Money Mantra of the Week: You take your time.
Last week, I talked about money beliefs that shape us. Some of you asked for a quiz, so I made a Google Sheet for you to find out how your 4 money tendencies rank. Check it out and tell me if any of the questions are triggering.
This week I start off with savoring the moment. Plus: Marrying Jobs, Okay with Half, Quartr App and 1 For 1 Investing
🐢 Slow down to feel rich
When I was a 22 year old graduate making $60k/year, I used to have nagging questions in the back of my mind like “Will I ever be rich? Will I ever be able to retire?” This state of mind made me hustle, and I often felt like I was in a rush to do things.
Then I dug up an old note about the idea of savoring things.
To savor something is to stretch the time you take to experience it.
Sometimes when I’m eating, I close my eyes and chew slowly, taking in each bite. That alone can take a $10 dish and turn it into a $50 experience.
Conversely, a billionaire could inhale a 3 Michelin star meal and turn it into a cheap experience.
What’s the point of being wealthy if you’re always in a rush or stressed out?
This is now my north star for creating a rich life.
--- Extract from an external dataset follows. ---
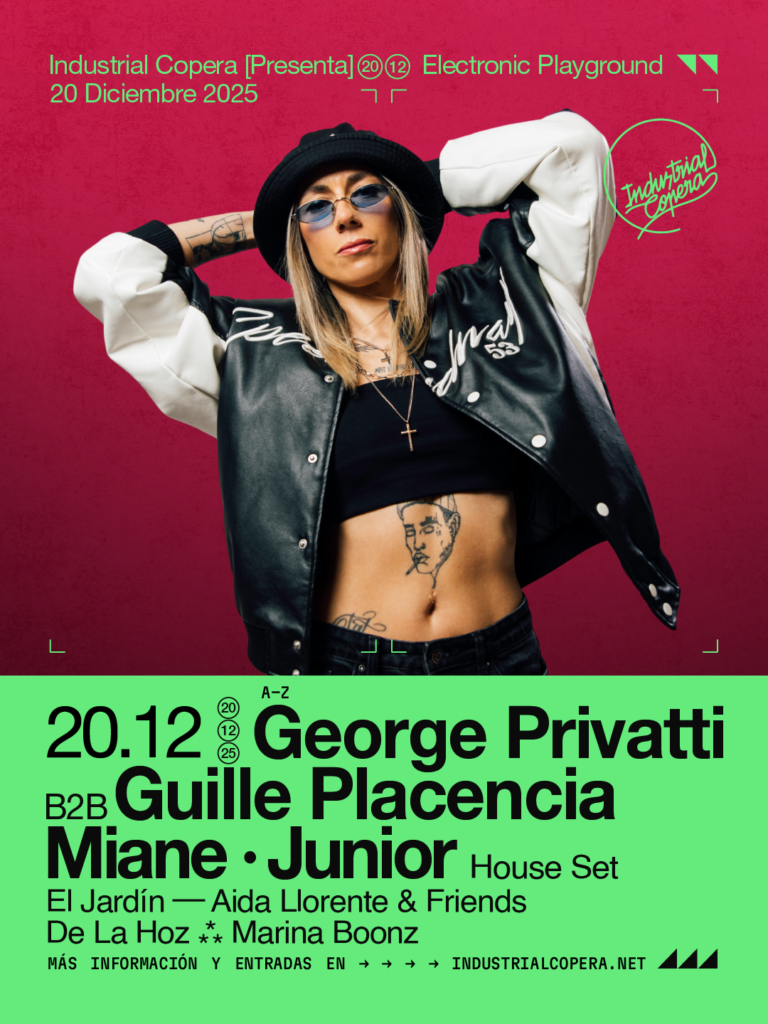 Completa el cartel el siempre eficiente Álvaro Sánchez, un DJ que conoce la cabina de Industrial Copera como la palma de su mano. Además en El Jardín tendremos la oportunidad de gozar con Andrea León y Marien Novi.

I feel rich when I feel like I don’t have to rush. It doesn’t mean that I become lazy or stop working. It doesn’t mean I don’t respond to texts (OK—working on that). It means that I empower myself to experience time in a way that feels good to me. Because 99% of the time, the only personal making me feel rushed…is me.
Slow down and smell the rose beef

💒 Jobs that marry together the most
Flowing Data released a fun tool: choose your profession, and it’ll show you a ranked list of other professions your spouse is most likely to be.
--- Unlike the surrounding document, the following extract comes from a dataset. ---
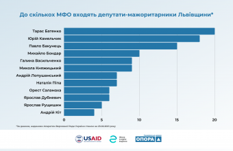 12 народних депутатів Львівщини, обрані в одномандатних виборчих округах впродовж поточної каденції закріпили за собою членство у 48 МФО.

I’m a writer, so…where my other writers, managers and teachers at?!
📉 Train yourself to be okay with half
These are rosy times in investing. The stock market is way up, as is crypto and other assets. If you’re like me and invested in higher risk, high growth areas, then just remember that good times will not continue forever.
Hard times create strong men. Strong men create good times. Good times create weak men. Weak men create hard times.
G. Michael Hopf
Replace “men” in that quote with “investors.” If all we’re used to is easy returns—it may not prepare us for hard times in the investing world.
This is an exercise I try to do: Take your portfolio value and imagine it gets cut in half.
- Will I panic sell or hold on for dear life?
- Can I stomach the drop? What will my emotions be like?
- Do I have enough cash on hand for other opportunities?
It can be even more instructive to look at how we’ve behaved in past big financial events, and adjust based on the type of investor you are.
This is just my version of worst case scenario planning. No one whose portfolios got wiped in 2000 or 2008 thought it would happen to them. (Counterintuitively, the best thing to do after those big crashes is to plow money back into the market when its at its lowest.)
🪙 QuartR app: keep up with stock news from the source
In investing you’ll always hear the caveat: do your own research. There’s a slick app that helps you do just that. QuartR (yes that’s the startupy spelling) is a free app that helps you find company calls, reports, slide decks and transcripts.

I’ve been enjoying their podcast player to listen in on earnings calls. You can play these calls at different speeds or and get a jump link to the investor Q&A.
Investor relations calls can be a bit dry, but I think they serve as the “straight from the horse’s mouth” version of company events before writers hype up or down the information. It’s refreshing to to hear from a relatively neutral tone You can also hear how the CEO and other executives are talking / thinking about their business.
💸 Money tip of the week: Spend a dollar, invest a dollar
The perennial question: how much should I invest or save? That’s a different answer for everyone, but here’s one simple framework to try out:
For whatever you want to spend money on, are you willing to save or invest that same amount?
I find this especially useful for luxury or unnecessary purchases. Instead of guilt trip, do a simple 1-for-1 calculation: I want to buy this $500 gizmo. Do I also have enough after to put $500 right into the stock market?
If yes, great. Put that money to work. If no, that might make a person rethink their purchase.
This can be a good starting point that someone could work up to higher levels of savings:
- Save/invest an equivalent amount to luxury purchases
- Save/invest the same amount as spending
- Save to buy yourself future months of freedom
There are also “round up” apps like Acorns that automatically invest based on your purchases. My personal favorite M1 Finance has a new owner’s reward card that will invest in stocks of companies that you spend money on, e.g. Netflix or AMC.